After the fiber, the collimated beam propagates through 10 m of air at atmospheric pressure for compression down to 13 fs FWHM duration (Fig. 2 a/c) [31]. The pulse energy is then attenuated to 150 nJ with the reflection of two wedges for the FROSt characterization. Several FS windows of known thicknesses are inserted before the beam enters the FROSt setup. The FROSt measurements are obtained by switching the optical transmissivity of a 500 µm thick ZnSe plate. To create the optical switch, the fundamental beam is frequency-doubled to obtain pump pulses with a central wavelength at 400 nm with 500 µJ of energy and 60 fs duration. This ensures that the switch is created at the surface of the ZnSe sample since the photon energy of the pump is above the material bandgap. These pulses are focused with a 600 mm lens on the ZnSe window positioned a few centimeters before the focal spot to avoid damaging the sample and illuminate a much larger area than the size of the focused probe beam. The pump beam diameter on the window is approximately 1 mm. The probe beam is focused on the ZnSe plate with a 100 mm off-axis parabolic mirror at the center of the pump spot. The parabola with a hole is used to reduce to 3 degrees the angle between the pump and the probe beam onto the ZnSe plate, minimizing the pulse front mismatch. The fluence of the pump and the probe beams onto the plate surface are estimated to be 70 and 1 mJ/cm²_, respectively. After passing through the ZnSe plate, the probe beam is collimated with another 100 mm off-axis parabolic mirror and is coupled into the near-IR/IR spectrometer with a 500 mm lens.

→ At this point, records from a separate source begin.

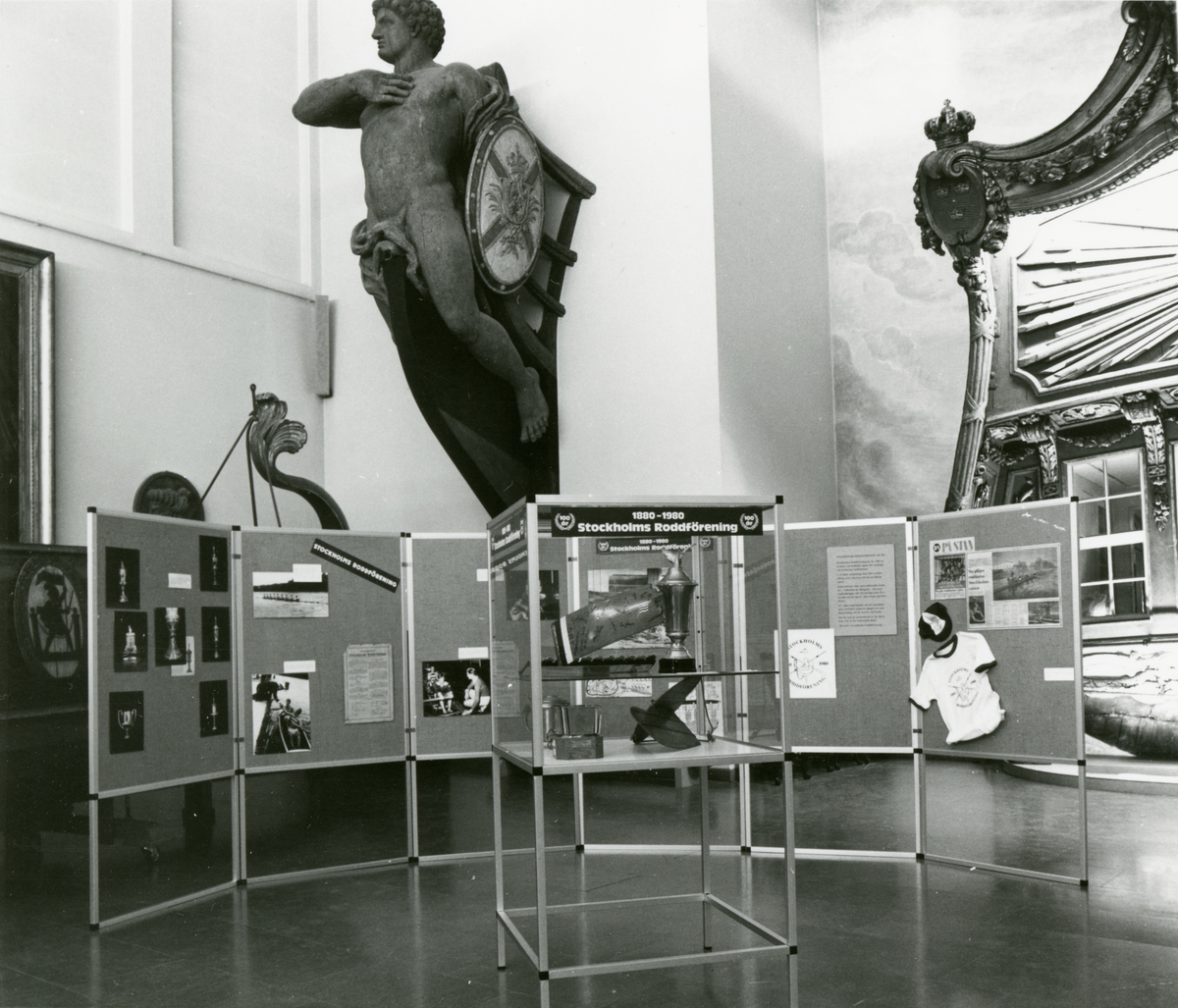 Utställningen "Stockholms roddsällskap 100 år 18801980". Skärmutställning och monter i minneshallen med fotografier och föremål kopplade till roddsällskapet.
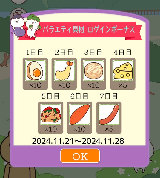 - バラエティ具材ログインボーナス:11/21 14:00 (木) - 11/28 14:00 (木)煮卵、チーズ、チリウィンナーなどバラエティに富んだ具材がラインナップ!
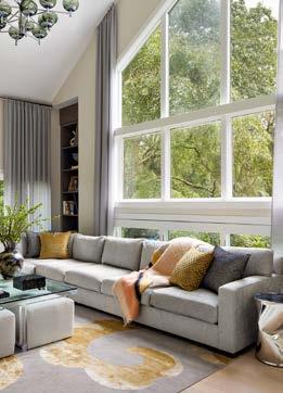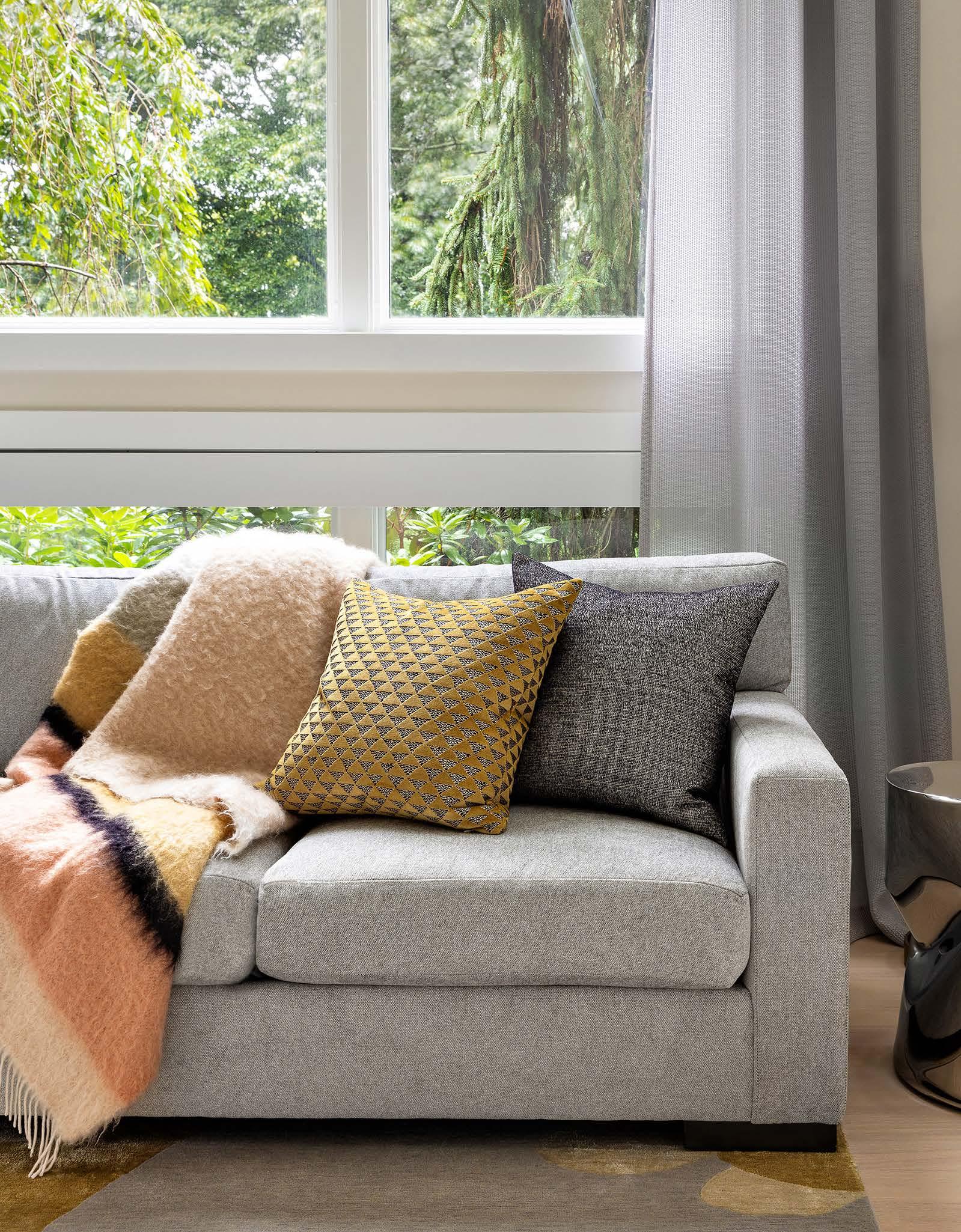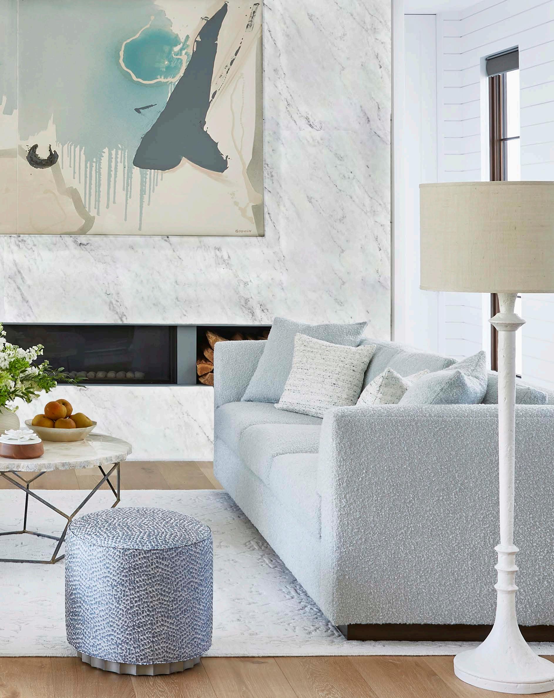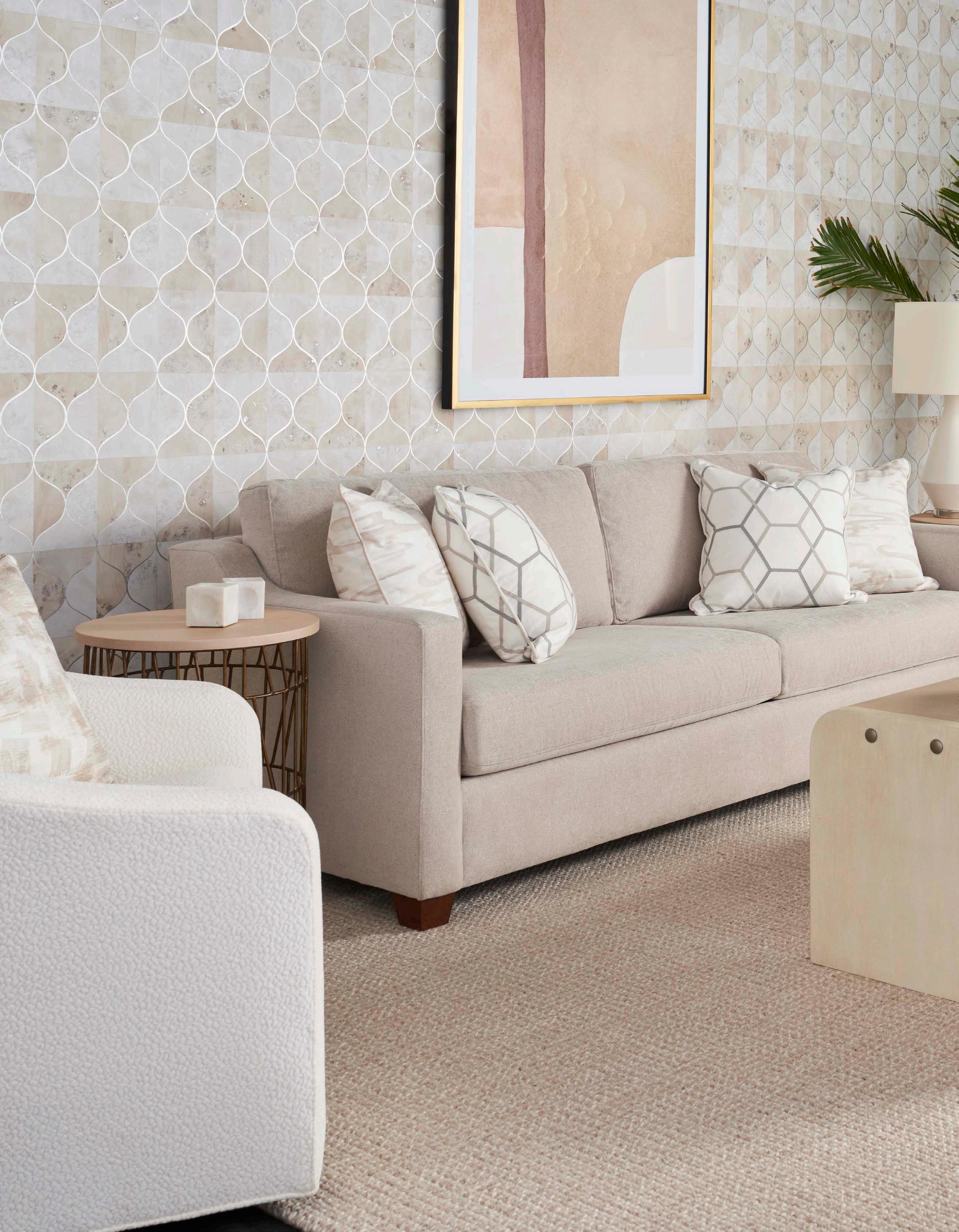 PG 32-33: Denison Chairs S810-CH in Graceful Moves - Ocean, Deal Sofa DS4001-1 in Boucle All Day - Spa, Cuddle Up Ottomans FS475-O in Balancing ActHorizon; Pillows - Vanish.15, Twist and Turn - Seamist, Boucle All Day - Spa; Carpet - Topispetal - Blizzard

Fig. 2. (a) Experimental and reconstructed FROSt traces without additional fused silica. (linear scale) (b) Experimental and reconstructed FROSt trace for 6 mm of fused silica. (linear scale) (c) Retrieved temporal (top) and spectral (bottom) profiles of the pulse in intensity (blue line) and phase (orange line) for different thicknesses of fused silica placed in the beam path. The indicated durations are the FWHM of the peak intensity.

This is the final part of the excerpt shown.